Pendidikan Anak
Dalam Islam
Allah
ta’ala berfirman:
يَا أَيُّهَا الَّذِينَ آمَنُوا
قُوا أَنفُسَكُمْ وَأَهْلِيكُمْ نَارًا وَقُودُهَا النَّاسُ وَالْحِجَارَةُ
عَلَيْهَا
“Wahai orang-orang yang beriman jagalah diri
kalian dan keluarga kalian dari api neraka yang bahan bakarnya adalah manusia
dan batu”
Anak
adalah amanah bagi kedua orang tuanya. Hati seorang anak adalah mutiara yang
sangat berharga yang masih bersih dari lukisan dan pahatan, sehingga dia akan
menerima pahatan apapun dari pemiliknya, dia akan cenderung pada sesuatu yang
diarahkan kepadanya. Apabila dibiasakan dan ajarkan kebaikan, maka dia akan
tumbuh dalam kebaikan dan akan bahagia di dunia dan akhirat. Orang tua, guru
dan para pendidiknyapun akan mendapatkan pahala kebaikan sang anak. Namun
apabila seorang seorang anak diajarkan dan dibiasakan dengan keburukan atau
dibiarkan tumbuh seperti binatang tanpa pendidikan maka dia akan celaka. Orang tuanyapun ikut
menanggung dosanya. Rasulullah –shallallahu ‘alaihi wasallam- bersabda:
كُلُّ
مَوْلُوْدٍ يُوْلَدُ عَلَى اْلفِطْرَةِ فَأَبَوَاهُ يُهَوّدَانِهِ أَوْ يُنَصّرَانِهِ
أَوْيُمَجّسَانِهِ
“Setiap
bayi dilahirkan dalam keadaan fitrah (siap untuk menerima Islam sebagai
agamanya), kemudian kedua orang tuanya yang menjadikannya Yahudi atau Nasrani
atau Majusi”
Menjaga
anak adalah dengan mendidik dan mengajarkan kepada mereka akhlak yang mulia dan
menjaganya dari teman yang tidak baik. Seorang anak tidak seyogyanya dibiasakan
untuk bersenang-senang dan ditanamkan perasaan cinta terhadap perhiasan dan
kemewahan, sebab jika telah dibiasakan hidup mewah sejak kecil, ketika besar
umurnya akan hanya dihabiskan untuk mencari dan menumpuk harta benda dan
kemewahan.
Di awal pertumbuhannya seorang ayah
hendaknya menyerahkan pengasuhannya dan penyusuannya pada seorang perempuan
shalihah yang taat dalam beragama dan memakan makanan yang halal. Karena susu
yang dihasilkan dari makanan yang haram tidak ada berkah dan kebaikannya,
sehingga apabila diminumkan kepada seorang anak, maka dapat menyebabkan sifat
dan tabiat sang anak cenderung mengarah pada keburukan.

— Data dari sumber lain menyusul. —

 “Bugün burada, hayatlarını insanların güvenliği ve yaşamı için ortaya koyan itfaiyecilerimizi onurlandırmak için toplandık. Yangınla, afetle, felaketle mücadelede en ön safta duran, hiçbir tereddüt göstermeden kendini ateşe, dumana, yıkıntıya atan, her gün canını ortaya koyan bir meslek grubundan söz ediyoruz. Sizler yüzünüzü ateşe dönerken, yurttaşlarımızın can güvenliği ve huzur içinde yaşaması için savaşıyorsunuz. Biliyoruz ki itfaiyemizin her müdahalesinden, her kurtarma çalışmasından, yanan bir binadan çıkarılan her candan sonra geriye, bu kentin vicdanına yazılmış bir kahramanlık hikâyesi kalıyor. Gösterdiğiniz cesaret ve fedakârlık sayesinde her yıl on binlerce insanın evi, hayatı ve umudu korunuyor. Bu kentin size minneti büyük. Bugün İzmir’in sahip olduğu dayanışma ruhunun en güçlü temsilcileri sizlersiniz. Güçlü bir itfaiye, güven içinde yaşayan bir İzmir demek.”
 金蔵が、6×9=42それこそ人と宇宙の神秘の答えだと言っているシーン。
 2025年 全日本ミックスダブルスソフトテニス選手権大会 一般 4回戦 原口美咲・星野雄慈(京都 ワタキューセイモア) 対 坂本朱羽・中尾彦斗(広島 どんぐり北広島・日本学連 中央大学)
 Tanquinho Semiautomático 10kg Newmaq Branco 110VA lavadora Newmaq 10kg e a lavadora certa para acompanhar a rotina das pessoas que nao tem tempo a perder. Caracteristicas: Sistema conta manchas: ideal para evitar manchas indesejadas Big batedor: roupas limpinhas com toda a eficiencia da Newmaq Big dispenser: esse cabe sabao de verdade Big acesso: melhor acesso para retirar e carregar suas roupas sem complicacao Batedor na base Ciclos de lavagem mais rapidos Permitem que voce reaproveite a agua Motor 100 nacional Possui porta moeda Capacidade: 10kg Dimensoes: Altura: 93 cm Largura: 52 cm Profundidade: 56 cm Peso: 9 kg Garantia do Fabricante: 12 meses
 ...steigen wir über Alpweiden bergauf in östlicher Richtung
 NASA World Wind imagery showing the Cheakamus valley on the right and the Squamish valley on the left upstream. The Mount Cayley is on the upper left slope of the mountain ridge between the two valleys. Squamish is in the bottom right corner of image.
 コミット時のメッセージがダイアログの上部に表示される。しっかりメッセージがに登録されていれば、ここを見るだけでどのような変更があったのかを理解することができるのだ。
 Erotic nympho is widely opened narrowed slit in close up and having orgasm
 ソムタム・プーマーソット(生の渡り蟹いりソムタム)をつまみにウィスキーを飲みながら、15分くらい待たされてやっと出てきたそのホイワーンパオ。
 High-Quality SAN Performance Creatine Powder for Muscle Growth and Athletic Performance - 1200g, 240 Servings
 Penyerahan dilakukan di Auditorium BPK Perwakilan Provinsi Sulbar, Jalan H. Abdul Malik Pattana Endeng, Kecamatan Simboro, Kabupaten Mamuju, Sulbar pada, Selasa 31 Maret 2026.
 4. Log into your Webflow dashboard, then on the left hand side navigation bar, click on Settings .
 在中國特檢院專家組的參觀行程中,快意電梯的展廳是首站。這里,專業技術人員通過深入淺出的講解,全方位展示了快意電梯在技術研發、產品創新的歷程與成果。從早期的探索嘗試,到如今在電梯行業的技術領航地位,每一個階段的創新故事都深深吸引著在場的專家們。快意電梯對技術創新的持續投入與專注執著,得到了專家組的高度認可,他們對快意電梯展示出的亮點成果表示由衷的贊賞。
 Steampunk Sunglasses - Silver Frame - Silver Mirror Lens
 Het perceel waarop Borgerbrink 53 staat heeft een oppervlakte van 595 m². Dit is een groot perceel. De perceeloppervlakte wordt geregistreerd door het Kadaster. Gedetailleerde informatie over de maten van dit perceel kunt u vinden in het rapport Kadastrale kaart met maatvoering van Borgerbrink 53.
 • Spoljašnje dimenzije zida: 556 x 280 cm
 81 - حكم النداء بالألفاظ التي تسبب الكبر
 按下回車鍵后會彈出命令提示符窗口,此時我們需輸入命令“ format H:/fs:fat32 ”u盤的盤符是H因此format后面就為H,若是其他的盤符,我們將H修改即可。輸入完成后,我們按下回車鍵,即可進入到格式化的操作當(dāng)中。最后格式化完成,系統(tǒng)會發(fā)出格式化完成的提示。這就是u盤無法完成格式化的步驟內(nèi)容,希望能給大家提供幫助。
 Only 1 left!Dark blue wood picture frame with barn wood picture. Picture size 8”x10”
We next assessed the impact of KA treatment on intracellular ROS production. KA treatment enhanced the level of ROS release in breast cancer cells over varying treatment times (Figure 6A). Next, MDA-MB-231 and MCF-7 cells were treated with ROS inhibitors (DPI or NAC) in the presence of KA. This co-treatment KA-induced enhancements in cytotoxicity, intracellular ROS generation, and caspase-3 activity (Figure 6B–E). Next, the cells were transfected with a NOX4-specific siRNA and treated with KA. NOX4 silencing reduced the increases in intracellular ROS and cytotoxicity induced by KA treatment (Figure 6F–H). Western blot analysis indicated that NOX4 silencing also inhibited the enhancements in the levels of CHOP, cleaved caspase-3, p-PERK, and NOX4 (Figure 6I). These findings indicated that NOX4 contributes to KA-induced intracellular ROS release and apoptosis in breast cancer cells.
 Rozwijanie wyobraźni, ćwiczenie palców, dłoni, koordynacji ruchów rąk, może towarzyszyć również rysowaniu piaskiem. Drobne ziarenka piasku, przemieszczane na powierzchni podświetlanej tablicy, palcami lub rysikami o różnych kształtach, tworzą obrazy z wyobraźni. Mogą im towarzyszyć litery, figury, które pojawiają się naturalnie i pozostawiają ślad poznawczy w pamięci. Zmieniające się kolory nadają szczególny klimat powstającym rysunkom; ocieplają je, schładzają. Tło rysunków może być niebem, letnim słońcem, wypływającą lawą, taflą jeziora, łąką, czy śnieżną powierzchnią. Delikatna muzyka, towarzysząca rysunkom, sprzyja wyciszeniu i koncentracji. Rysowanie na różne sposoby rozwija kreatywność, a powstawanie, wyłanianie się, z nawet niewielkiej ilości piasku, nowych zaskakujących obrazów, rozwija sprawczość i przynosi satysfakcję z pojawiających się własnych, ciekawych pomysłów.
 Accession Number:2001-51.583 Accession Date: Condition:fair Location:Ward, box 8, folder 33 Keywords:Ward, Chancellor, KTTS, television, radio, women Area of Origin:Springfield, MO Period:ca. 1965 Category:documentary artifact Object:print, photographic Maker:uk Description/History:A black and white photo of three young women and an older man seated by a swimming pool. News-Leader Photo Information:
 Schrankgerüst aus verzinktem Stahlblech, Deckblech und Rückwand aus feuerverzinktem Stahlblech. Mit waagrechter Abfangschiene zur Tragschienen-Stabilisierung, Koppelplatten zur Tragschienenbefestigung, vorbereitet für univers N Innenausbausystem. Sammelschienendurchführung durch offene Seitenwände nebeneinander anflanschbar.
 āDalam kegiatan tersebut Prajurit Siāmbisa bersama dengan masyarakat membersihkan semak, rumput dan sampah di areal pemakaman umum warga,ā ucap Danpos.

Sejak dini hendaknya orang tua
selalu mengamati sifat dan tabiat sang anak. Apabila sang ank memiliki sifat
malu maka ini adalah petunjuk akan kebaikan akhlaknya dan bersihnya hati, dan
seyogyanya orang tua mendidiknya dengan cara memanfaatkan sifat pemalunya
tersebut.
Pada umur dua atau tiga tahun
biasanya seorang anak cenderung makan dengan tidak baik, orang tua hendaknya
mendidiknya untuk makan dengan cara yang baik, misalnya agar sang anak
memulainya dnegan basmalah, dengan menggunakan tangan kanan, memakan makanan
yang ada di dekatnya, tidak buru-buru makan sebelum orang lain, tidak buru-buru
ketika makan, tidak bersambungan pulukannya, tidak mengotori tangan dan
pakainnya dengan makanan. Dibiasakan untuk memakan makanan yang sederhana,
tidak selalu daging dan tidak berlebihan, tidak banyak makannya, ditekankan
kepada anak untuk makan sedikit. Seorang anak juga dibiasakan untuk mencintai
pakaian warna putih.
Setelah sang anak mumayyiz (telah
sampai pada umur dimana sang anak telah mampu memahami pertanyaan dan
menjawabnya) orang tua harus mengajarkan kepada sang anak ilmu-ilmu agama.
Diajarkan kepadanya dasar-dasar akidah bahwa Allah maha suci dari serupa dengan
makhluk-Nya, Allah bukan benda dan tidak disifati dengan sifat benda. Juga
diajarkan kepada anak hokum-hukum yang berkaitan dengan thaharah (bersuci),
shalat, puasa serta diperintahkan untuk melaksanakannya. Juga diajarkan kepada
anak kewajiban hati, maksiat anggota badan seperti maksiat perut, kaki, tangan,
farji, badan dan lainnya. Kemudian diajarkan juga kepada anak al Qur’an,
hadits-hadits pilihan dan cerita-cerita para shalihin agar tertanam dalam hati
sang anak rasa cinta kepada orang-orang shalih.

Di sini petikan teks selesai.